Top of Dataset section

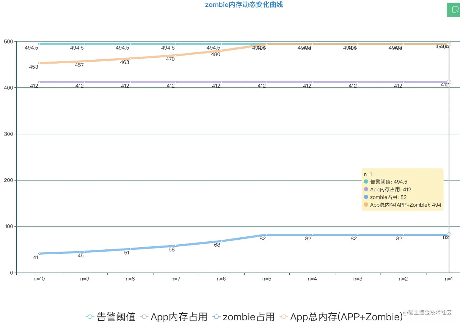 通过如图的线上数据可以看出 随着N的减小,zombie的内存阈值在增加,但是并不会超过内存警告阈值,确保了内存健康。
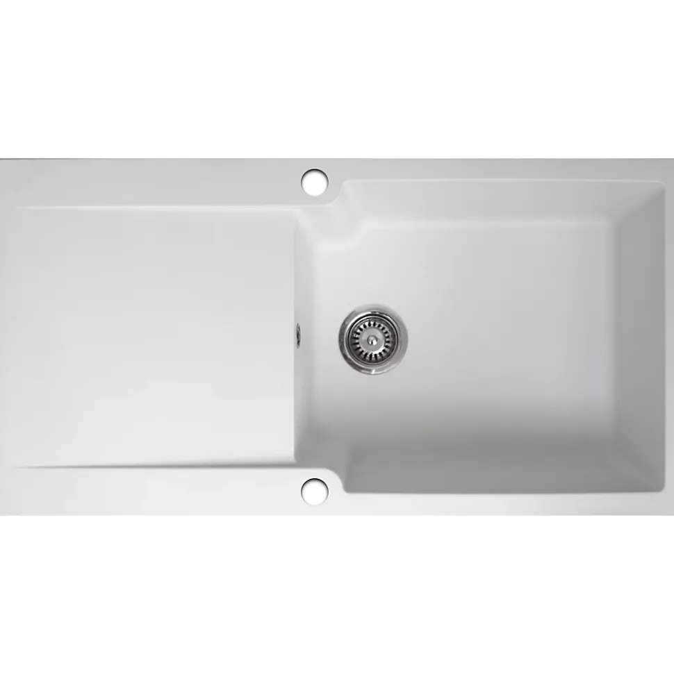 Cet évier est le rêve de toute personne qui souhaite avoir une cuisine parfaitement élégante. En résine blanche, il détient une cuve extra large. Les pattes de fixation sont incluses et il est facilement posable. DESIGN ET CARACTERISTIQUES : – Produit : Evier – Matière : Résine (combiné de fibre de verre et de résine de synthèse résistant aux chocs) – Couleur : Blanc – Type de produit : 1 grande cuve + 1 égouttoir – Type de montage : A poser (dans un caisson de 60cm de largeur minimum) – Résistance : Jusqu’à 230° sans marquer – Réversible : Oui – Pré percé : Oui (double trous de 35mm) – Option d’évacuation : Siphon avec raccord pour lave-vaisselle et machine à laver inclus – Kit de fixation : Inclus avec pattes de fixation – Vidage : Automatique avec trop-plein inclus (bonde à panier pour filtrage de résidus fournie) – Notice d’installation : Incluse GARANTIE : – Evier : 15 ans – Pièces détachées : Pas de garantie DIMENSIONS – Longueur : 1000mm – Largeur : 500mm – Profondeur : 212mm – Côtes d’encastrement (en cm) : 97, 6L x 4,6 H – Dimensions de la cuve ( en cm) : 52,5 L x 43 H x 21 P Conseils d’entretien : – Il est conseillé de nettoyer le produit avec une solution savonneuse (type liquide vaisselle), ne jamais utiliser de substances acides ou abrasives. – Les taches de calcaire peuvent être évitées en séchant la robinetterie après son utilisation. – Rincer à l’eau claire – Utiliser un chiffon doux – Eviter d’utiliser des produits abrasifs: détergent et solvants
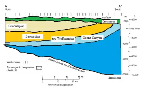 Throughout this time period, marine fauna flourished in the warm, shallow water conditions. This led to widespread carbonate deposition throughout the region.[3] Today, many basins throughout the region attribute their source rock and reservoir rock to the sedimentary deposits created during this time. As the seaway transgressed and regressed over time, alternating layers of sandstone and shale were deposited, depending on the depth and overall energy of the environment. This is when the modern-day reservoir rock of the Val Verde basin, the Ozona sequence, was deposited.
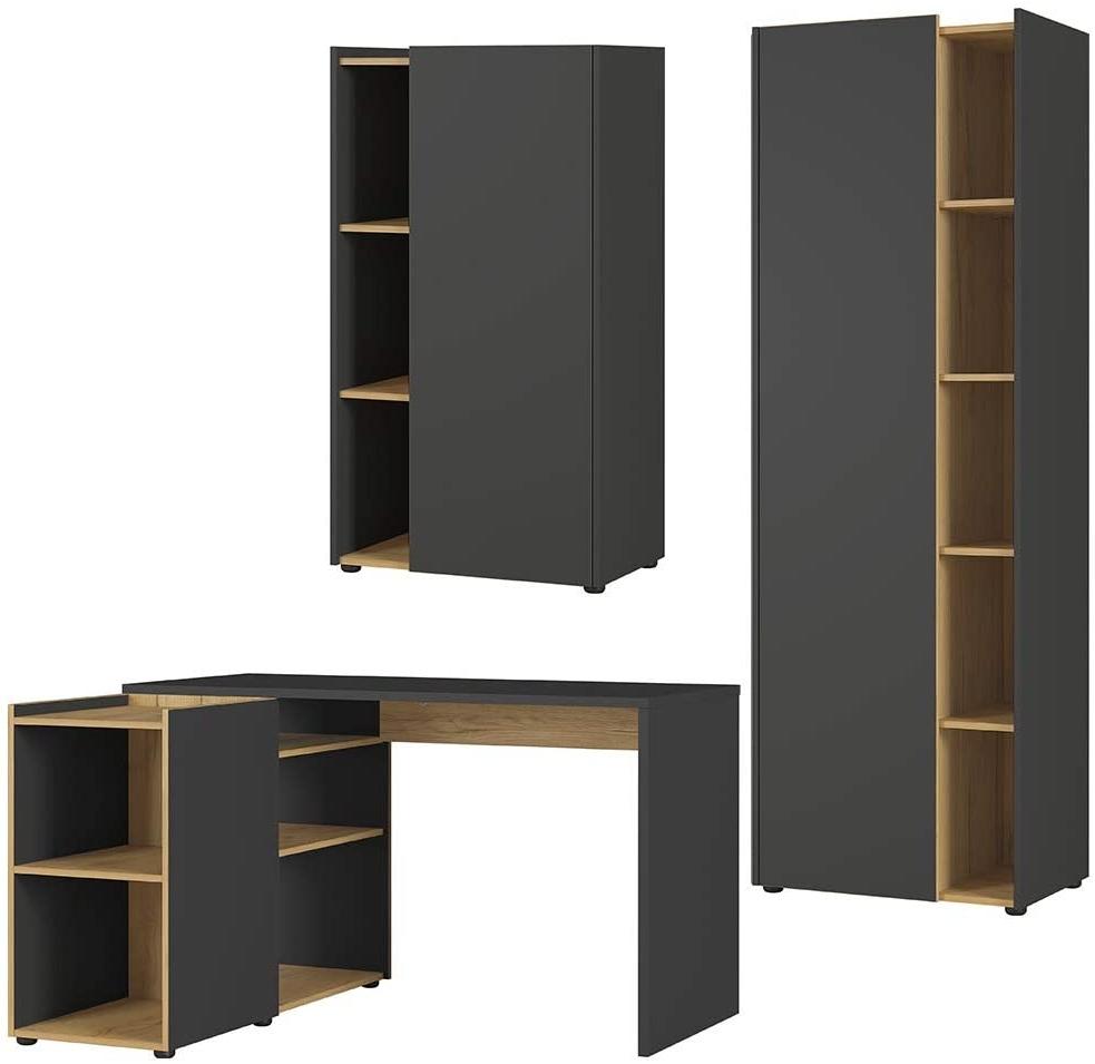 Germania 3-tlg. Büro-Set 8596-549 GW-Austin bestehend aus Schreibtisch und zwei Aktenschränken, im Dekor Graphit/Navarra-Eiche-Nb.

Bottom of Dataset section

* Task description *
Render the data above verbatim and without pictures.

* Output *
 通过如图的线上数据可以看出 随着N的减小,zombie的内存阈值在增加,但是并不会超过内存警告阈值,确保了内存健康。
 Cet évier est le rêve de toute personne qui souhaite avoir une cuisine parfaitement élégante. En résine blanche, il détient une cuve extra large. Les pattes de fixation sont incluses et il est facilement posable. DESIGN ET CARACTERISTIQUES : – Produit : Evier – Matière : Résine (combiné de fibre de verre et de résine de synthèse résistant aux chocs) – Couleur : Blanc – Type de produit : 1 grande cuve + 1 égouttoir – Type de montage : A poser (dans un caisson de 60cm de largeur minimum) – Résistance : Jusqu’à 230° sans marquer – Réversible : Oui – Pré percé : Oui (double trous de 35mm) – Option d’évacuation : Siphon avec raccord pour lave-vaisselle et machine à laver inclus – Kit de fixation : Inclus avec pattes de fixation – Vidage : Automatique avec trop-plein inclus (bonde à panier pour filtrage de résidus fournie) – Notice d’installation : Incluse GARANTIE : – Evier : 15 ans – Pièces détachées : Pas de garantie DIMENSIONS – Longueur : 1000mm – Largeur : 500mm – Profondeur : 212mm – Côtes d’encastrement (en cm) : 97, 6L x 4,6 H – Dimensions de la cuve ( en cm) : 52,5 L x 43 H x 21 P Conseils d’entretien : – Il est conseillé de nettoyer le produit avec une solution savonneuse (type liquide vaisselle), ne jamais utiliser de substances acides ou abrasives. – Les taches de calcaire peuvent être évitées en séchant la robinetterie après son utilisation. – Rincer à l’eau claire – Utiliser un chiffon doux – Eviter d’utiliser des produits abrasifs: détergent et solvants
 Throughout this time period, marine fauna flourished in the warm, shallow water conditions. This led to widespread carbonate deposition throughout the region.[3] Today, many basins throughout the region attribute their source rock and reservoir rock to the sedimentary deposits created during this time. As the seaway transgressed and regressed over time, alternating layers of sandstone and shale were deposited, depending on the depth and overall energy of the environment. This is when the modern-day reservoir rock of the Val Verde basin, the Ozona sequence, was deposited.
 Germania 3-tlg. Büro-Set 8596-549 GW-Austin bestehend aus Schreibtisch und zwei Aktenschränken, im Dekor Graphit/Navarra-Eiche-Nb.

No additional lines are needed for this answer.